- Occupation: Social scientist

Academic background
- Alma mater: Johannes Gutenberg University Mainz; University of Wisconsin–Madison;

Academic work
- Discipline: Communication science, PhD minor in political science
- Sub-discipline: Science communication, political communication, and artificial intelligence governance
- Institutions: Cornell University; University of Wisconsin–Madison; Morgridge Institute for Research;
- Website: https://scheufele.info/

= Dietram Scheufele =

American academic

Dietram A. Scheufele is a German-American social scientist and was the Vilas Distinguished Achievement Professor at the University of Wisconsin–Madison and the Morgridge Institute for Research. Prior to joining UW–Madison, Scheufele was a tenured faculty member at Cornell University. His research spans science communication, political communication, misinformation, and the governance of emerging technologies, including artificial intelligence. In 2026 he resigned from UW–Madison following a university investigation into relationships with students, and joined Arizona State University as a Foundation Professor.

== Education ==
Scheufele completed his undergraduate training in Publizistik (with minors in political science and business) at the Johannes Gutenberg University Mainz in Germany, before receiving an M.A. in Journalism & Mass Communication and a Ph.D. in Mass Communications, with a minor in political science, at the University of Wisconsin–Madison.

== Career ==
Scheufele began his academic career as a visiting assistant professor and then assistant professor at Cornell University in 1999, where he was promoted to associate professor with tenure in 2003, before joining the University of Wisconsin–Madison faculty as a full professor in 2004. Over his career, Scheufele has held visiting and fellowship appointments at Harvard University's John F. Kennedy School of Government, the University of Pennsylvania's Annenberg Public Policy Center, Dresden University of Technology, LMU Munich, the University of Münster, the University of Vienna, and the University of Utah.
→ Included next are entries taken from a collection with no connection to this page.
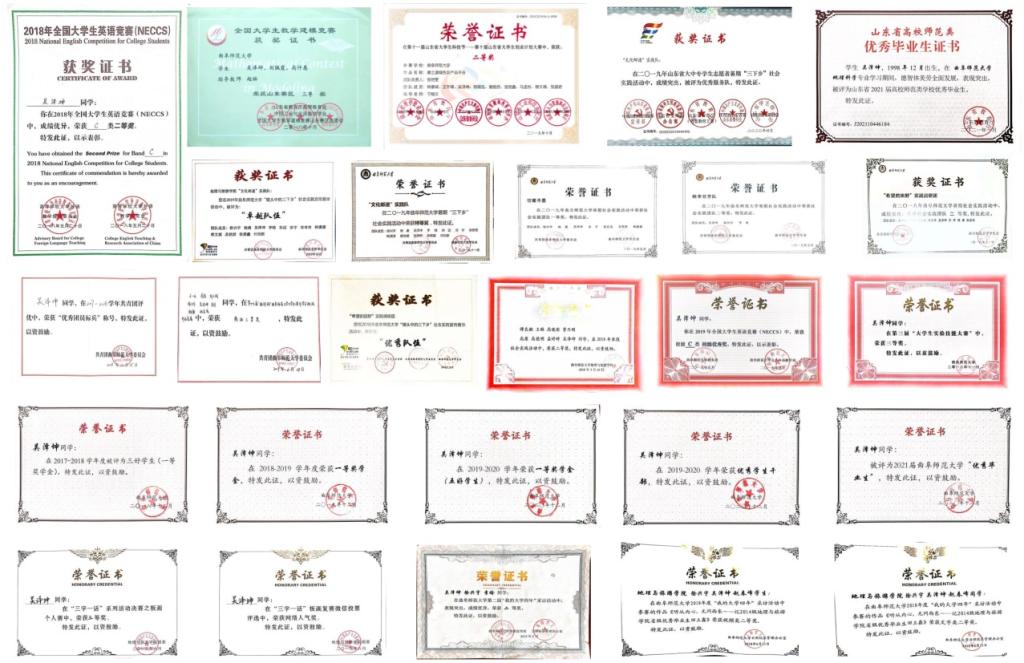 在校取得的荣誉/职位:曾任地理院学生会就业服务部部长,获得山东省优秀毕业生等荣誉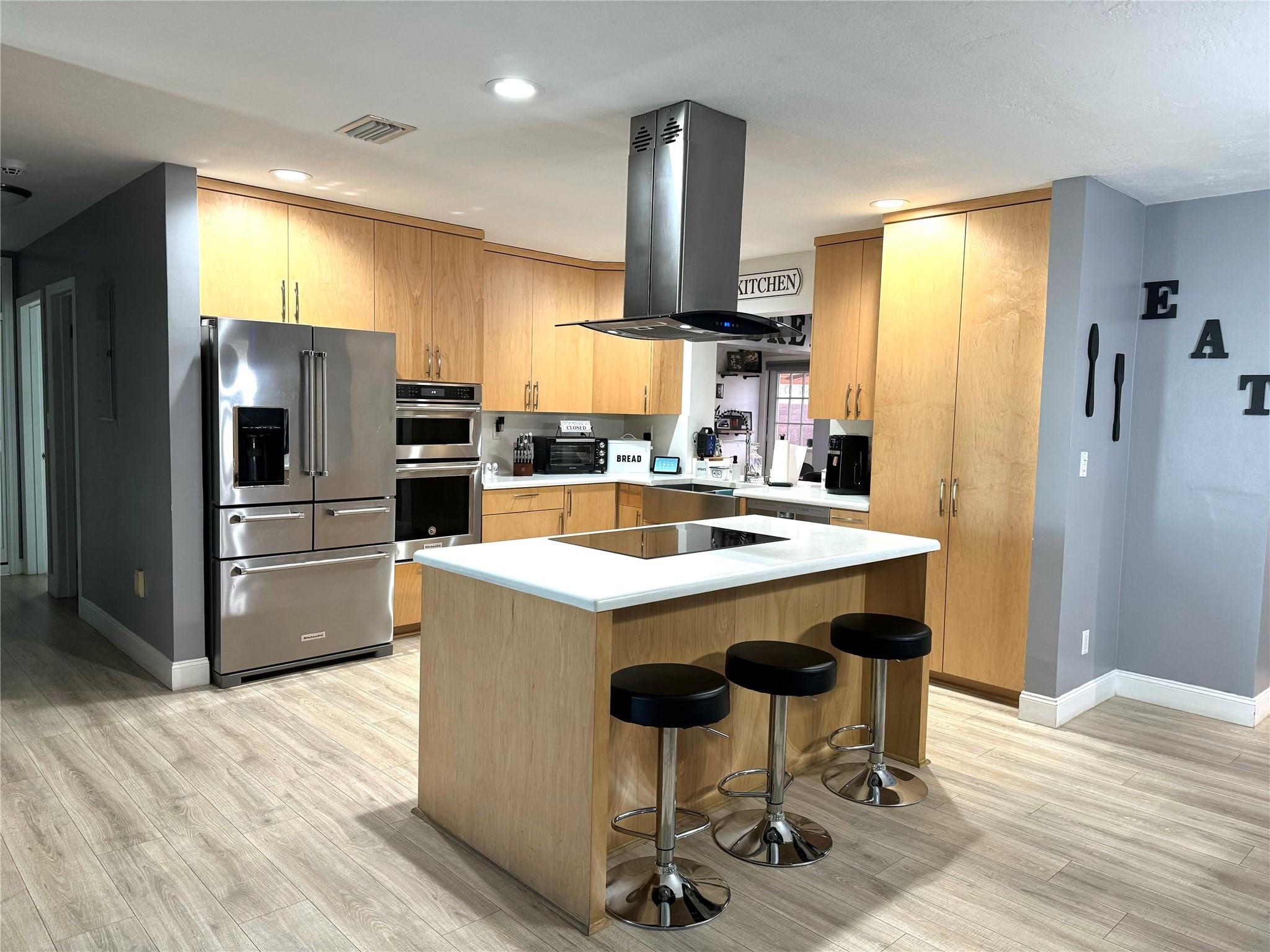 Look no further, you've found Paradise in Pembroke Pines...This 5 bedroom **NEWLY REMODELED HOME** is located on a quiet cul-de-sac in sought after "Pasadena Lakes". You'll notice the attention to detail in this open & inviting floorplan! Featuring a modern chef's kitchen, custom cabinetry, upgraded appliances, induction stove top, & large island. Spa-style bathrooms w/ sleek cabinets, multi shower jets, modern tile & LED lighting. Split bedroom plan, living room plus oversized family room, Zebra window treatments, & beautiful wood plank vinyl floors.**Tile ROOF, A/C & IMPACT WINDOWS (all in 2021)** Full 2 car garage plus a workshop. Enjoy your TURF BACKYARD w/ HEATED POOL, hot tub, large pergola, & built in BBQ/bar. Fenced yard, circular driveway & NO HOA!
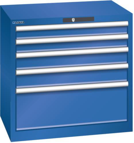 "longDescription": "LISTA Schubladenschrank, Lista Einheit: 36x27E, BxTxH: 717x572x700mm, Schubladen-Nutzfläche BxT: 612x459mm, Anzahl Schubladen: 5, Anzahl Fronthöhen (Tragkraft): 2x75mm (75kg), 2x100mm (75kg), 1x250mm (75kg), Schliessart: Code Lock, elektronisches Zahlenschloss mit 10 Ziffern für 4- bis 6-stellige Codes, bis 100 Codes, Farbe Gehäuse: Signalblau RAL 5005, Farbe Schubladen: Signalblau RAL 5005. Höchste Stabilität: Gehäuse bis 4t belastbar, Schubladen mit 75 oder 200 kg Tragkraft. Maximale Ausnutzung dank Vollauszug und optimaler Mantelhöhe der Schubladen. Exzellente Schutzeigenschaften gegen Schmutz, Flüssigkeiten und mechanische Beanspruchung durch geschlossenes Gehäuse mit schlag- und abriebfester Oberfläche. Überzeugende Sicherheit: Aushebesicherung gegen Herausfallen der Schubladen und Einzelschubladensperre als Kippschutz. Korrosionsschutz durch Elektrophorese-Tauchlackierung und umweltfreundlichen Pulverlack. Optimale Ordnung und Organisation dank speziellem LISTA-Einteilungsmaterial für jeden Zweck und gelochter, geschlitzter Schubladen. Professionelle Beschriftung mit Beschriftungssoftware LISTA Script und hochklappbarer Griffleiste zum Einlegen der Etiketten. Perfekte Laufruhe durch traversenlos geführten Differenzialauszug. Flexible Anpassungsmöglichkeiten durch vorperforierte Löcher für Tischplatten (Punchout), Rollen, Schubladen, Schliesssysteme für einfaches Um- und Nachrüsten<br>",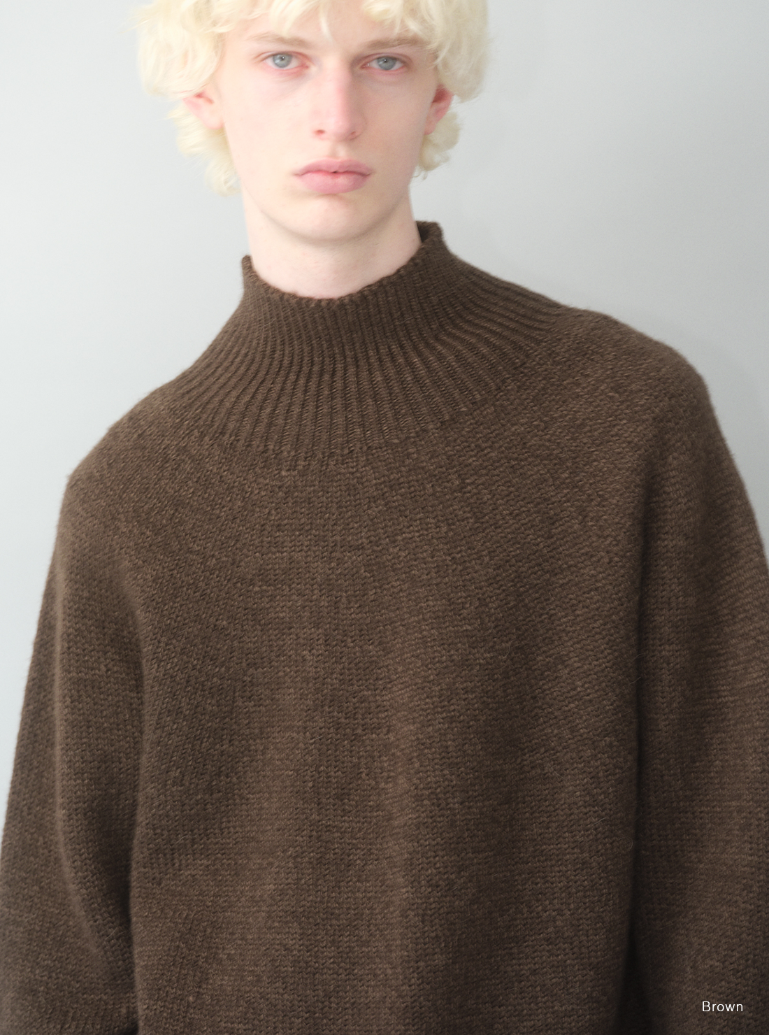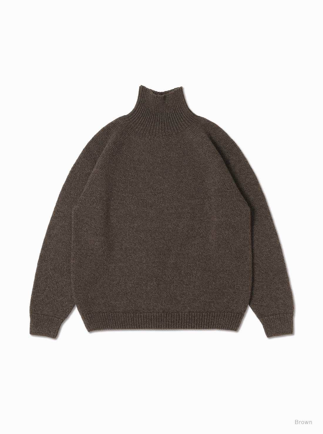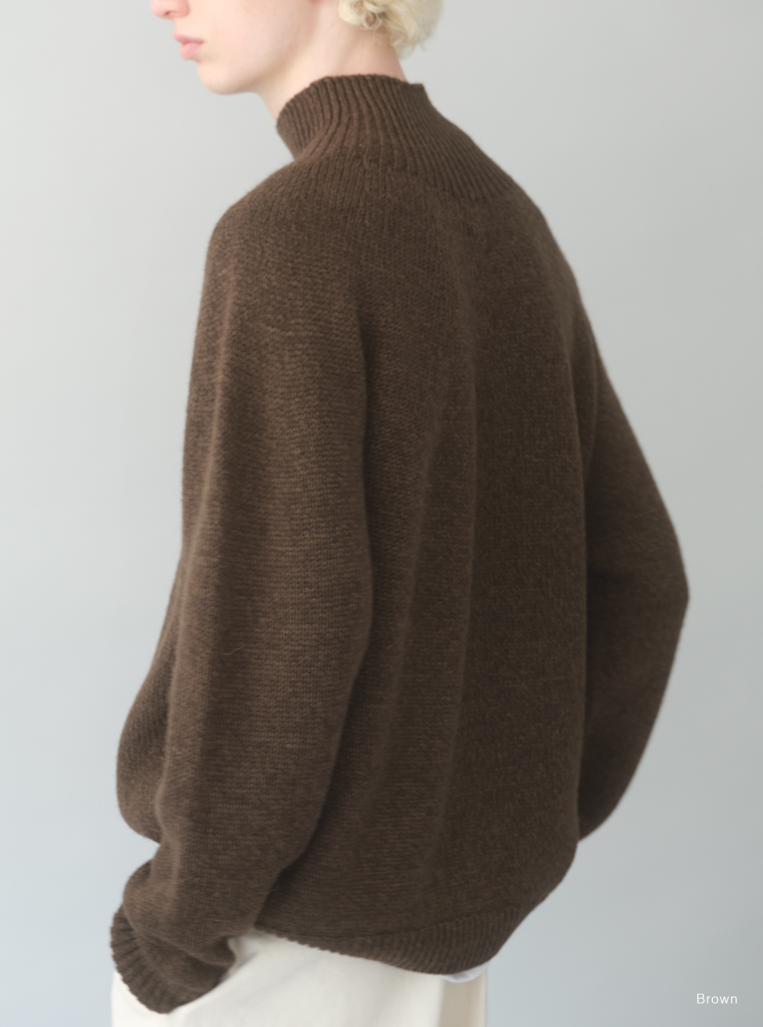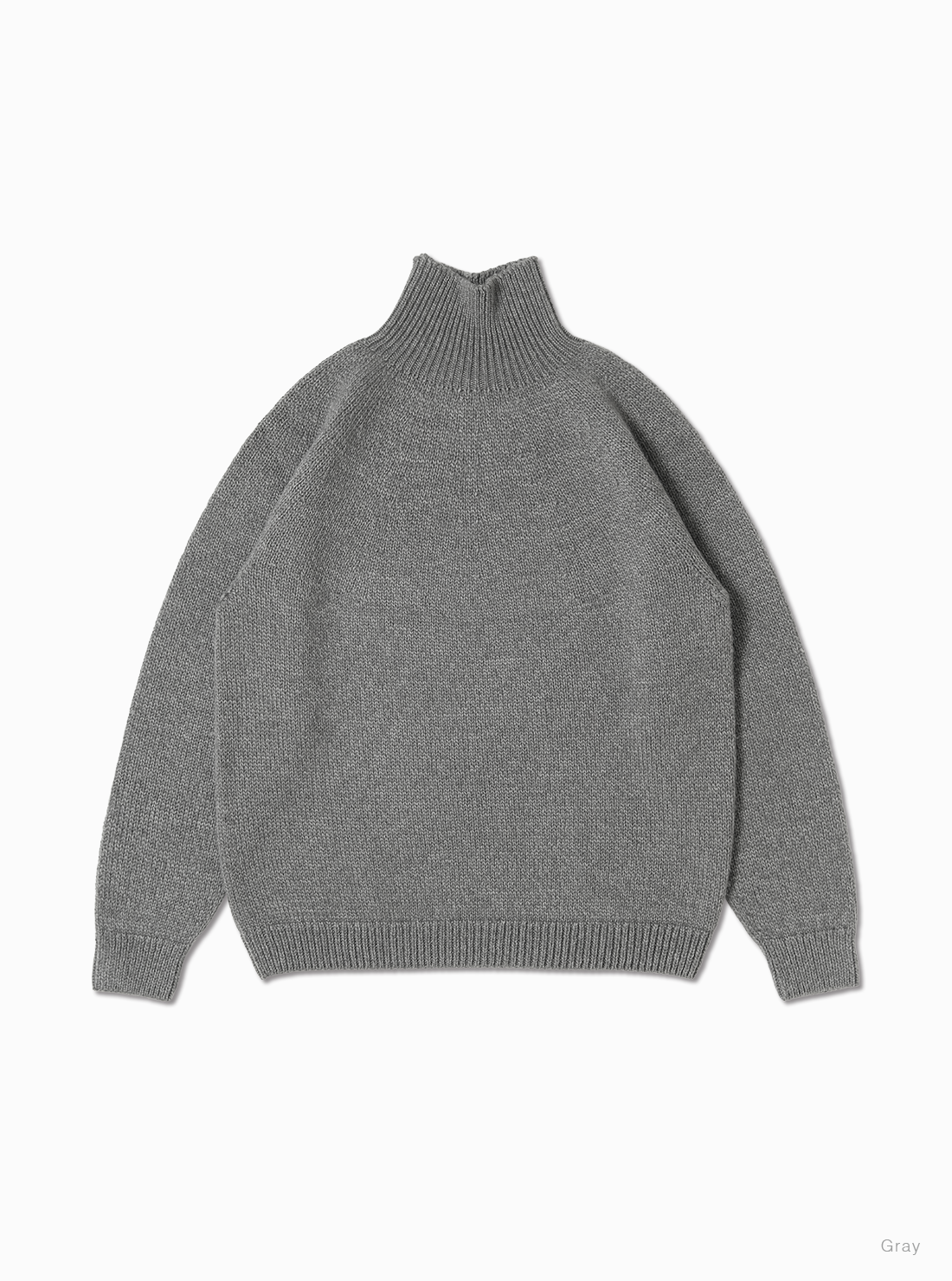 메리노울의 풍부한 볼륨감을 살리기 위해 미들 게이지로 방적한 울사에 부드러운 베이비 알파카와 은은한 윤기의 실크를 합사한 원사를 사용해 편직한 니트입니다.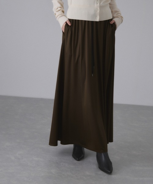 落ち感のある素材と揺れるギャザーが魅力的なフレアスカート。

===Investigation and resignation from UW–Madison===
In late 2024, the University of Wisconsin–Madison began investigating complaints by three female students. Its September 2025 report found no violations of the university’s policies on sexual harassment or hostile and intimidating behavior, but concluded that Scheufele had violated its consensual relationships policy and a faculty rule requiring professional honesty and integrity. In January 2026, Scheufele and the university reached a settlement providing for his resignation effective August 15, 2026, without a final disciplinary decision on the non-Title IX allegations. According to the university, Scheufele and the complainants separately waived their rights to a scheduled Title IX hearing, ending that process. Scheufele disputed the investigation’s findings and said the settlement involved no admission of wrongdoing by either party.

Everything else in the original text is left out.